By Xiao Zhou ( China Daily ) Updated: 2008-04-30 11:05:19

At 7 am in an old house, we are trying to keep a conversation going with granny. We get up too early and are not quite ourselves. Granny offers us boiled corns and a cigarette to the only young man among us.

The name of the game is money, all the way

As she puffs contentedly, she brings out a photo album. "This is XXX, do you know him? He's a star. They were down here shooting a film. He was really sweet and called me 'granny' all day."

We thumb through the album with renewed interest. But the big brother - the granny's son - hurries in and with a serious look commands: "Quiet!" Then he draws back the curtains and peeks out.

All of us duck for cover - behind the door, the curtains, and under the table. Only granny doesn't panic. She looks at her son meaningfully. He gets the message and marches out. A few minutes later, he is back smiling: "It's all clear! The guards have gone."

This was one act in a new drama that I starred in. The cast: Granny and Big Brother (played by a local mother and her son), six heroes (played by me and five white-collar friends, trying to be frugal against those out to monopolize the tourist market).

The story took place last National Holiday. My friends and I visited Xitang near Shanghai. There were simply too many tourists. So we turned to Wuzhen (Dark Town), another old town featuring ancient buildings with white walls, black tiles and wooden carved doors and windows along narrow rivers.

We heard that the town has been turned into a park, and the entrance fee was 60 yuan ($8.30). We arrived at dusk and there were barely any lights in the Dark Town. But the guards said we had to buy tickets before we could find a lodge inside.

In the deepening darkness, a torch came nearer. A man asked if we were looking for a place to spend the night. We followed him into a residential area outside the town. On the second floor, we found ourselves in a two-bedroom apartment. One of the bedrooms had a wedding photo on the wall.

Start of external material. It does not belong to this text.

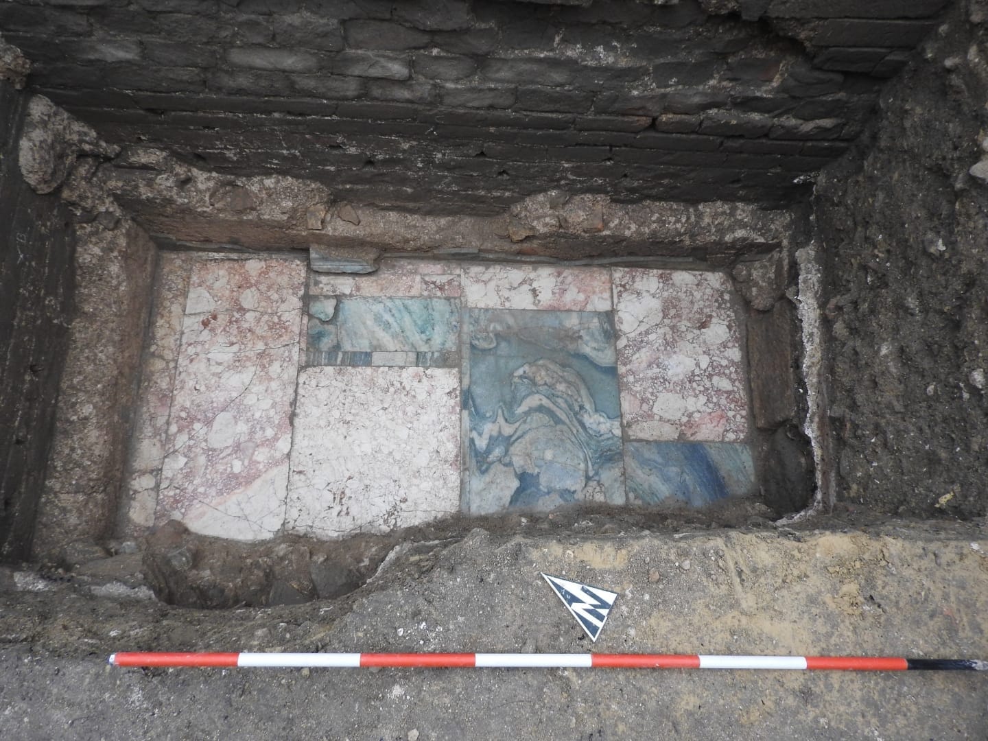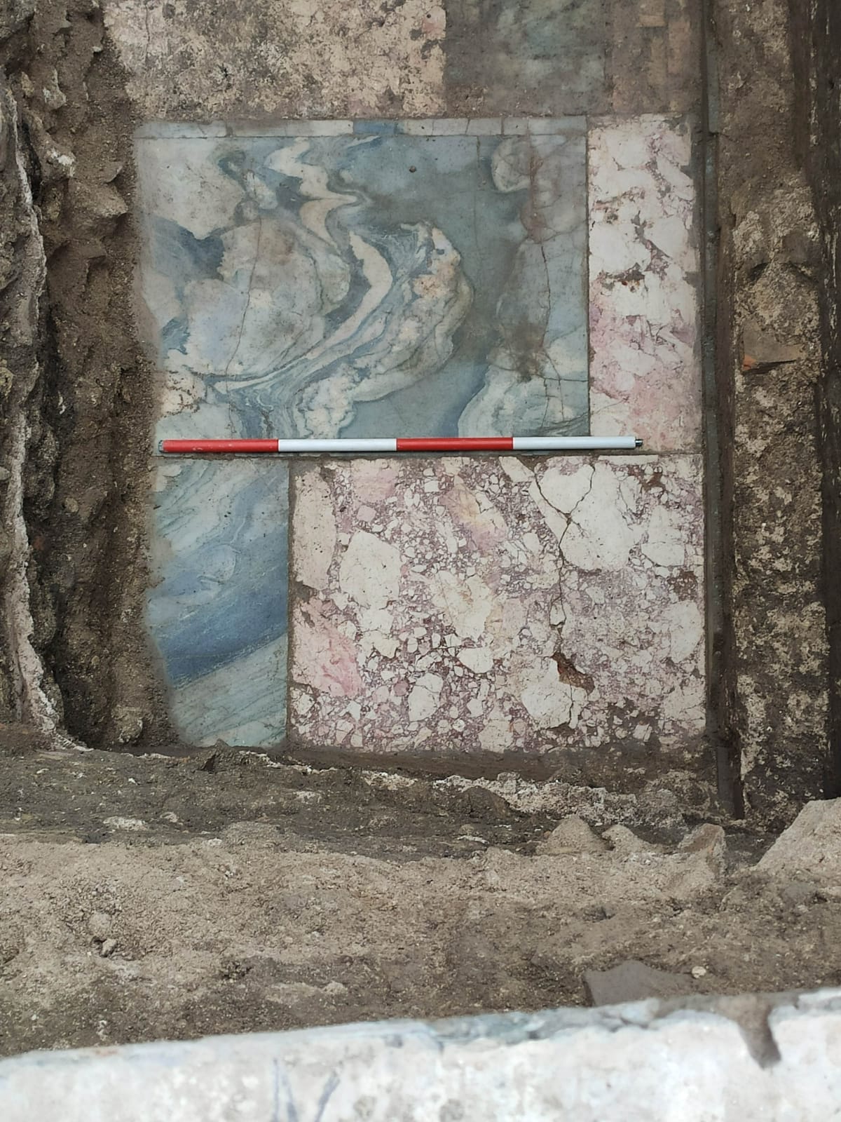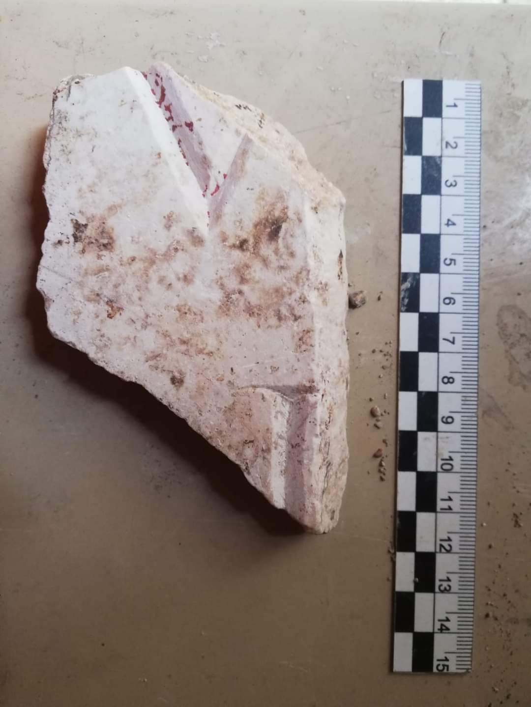 Fra i materiali recuperati, vi è anche un frammento di iscrizione su marmo che riporta su due righe le lettere V e I e conserva ancora tracce della “rubricatura”, ovvero la colorazione in rosso dei solchi delle lettere incise.

The young couple had moved to their small restaurant downstairs and rented the apartment to tourists. During dinner, the restaurateur/landlord told us that the park was open for tourists from 8 am to 5 pm, which was long enough for most tourists who managed to reach every corner of the town in a few hours.

The man said he could "smuggle" us into the town before 6 am. We could hide in his mother's house until most tourists show up after 8 am. Then the guards of the tourist company wouldn't know if we had bought the tickets.

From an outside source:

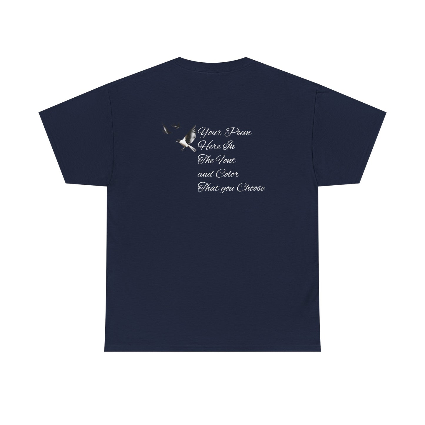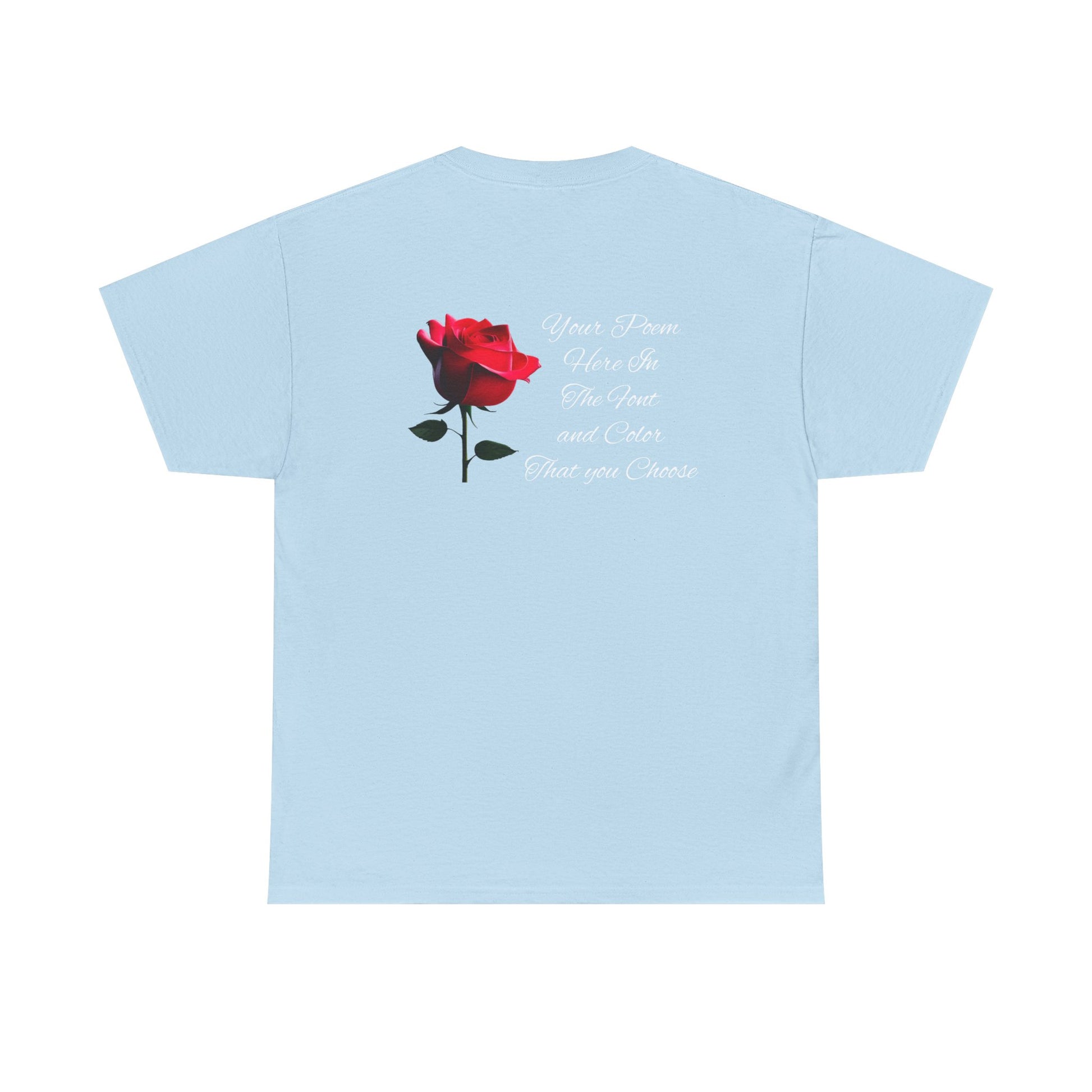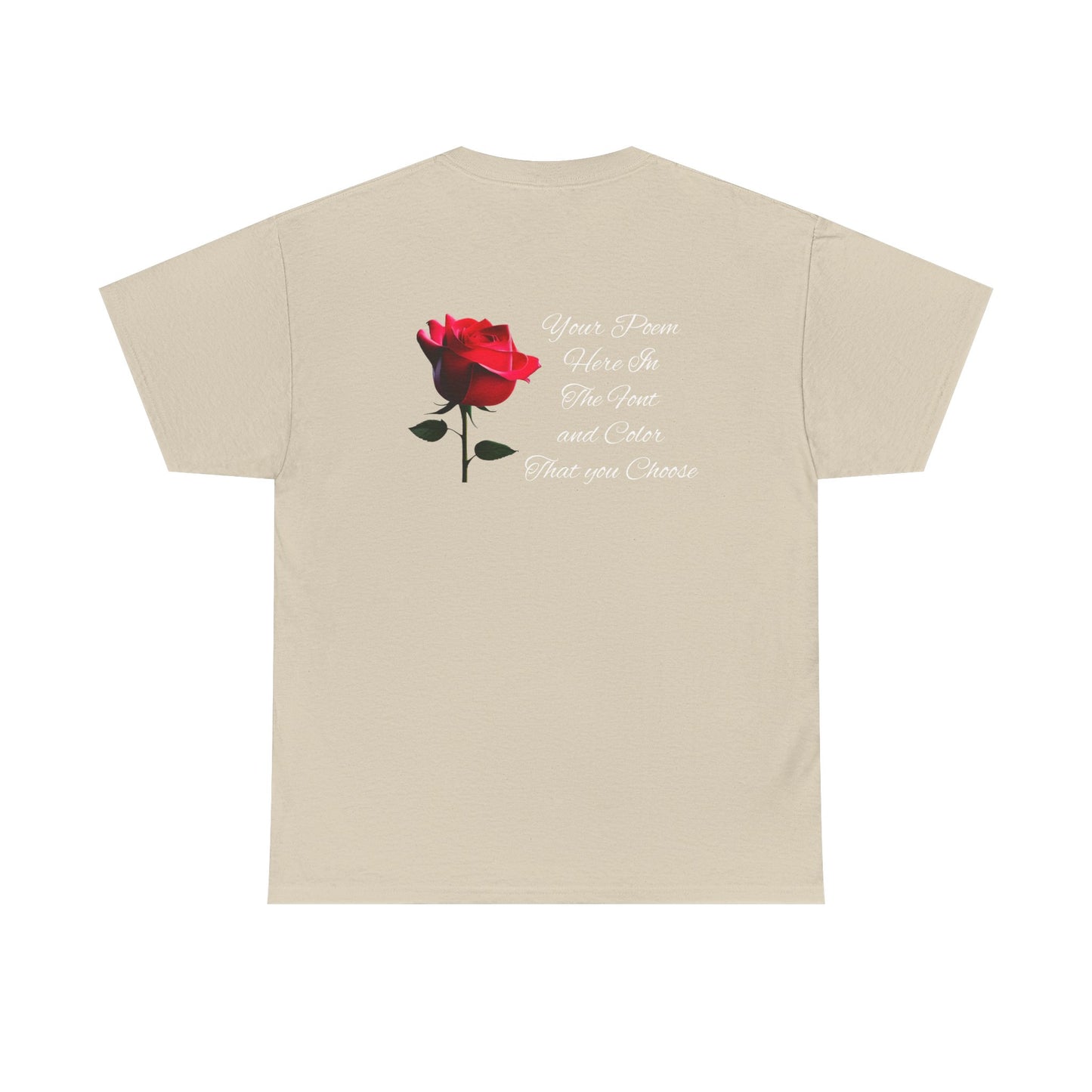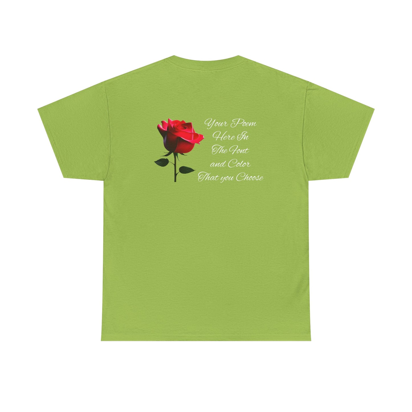 The unisex heavy cotton tee is the basic staple of any wardrobe. It is the foundation upon which casual fashion grows. Featuring the FanStory logo on the front and your poem on the back it's a one of a kind product!

The next morning, after the guards passed by and the alarm went off, we heaved a sigh of relief. Granny complained that the tourist company didn't allow local residents to sell even one corn by themselves.

When we were ready to leave, she said: "It's 10 yuan ($1.40) for bringing each of you into the town, and 2 yuan ($0.30) for a corn - in total, 72 yuan ($10)."

Not a bad deal but, what else can we expect from this commercialized world?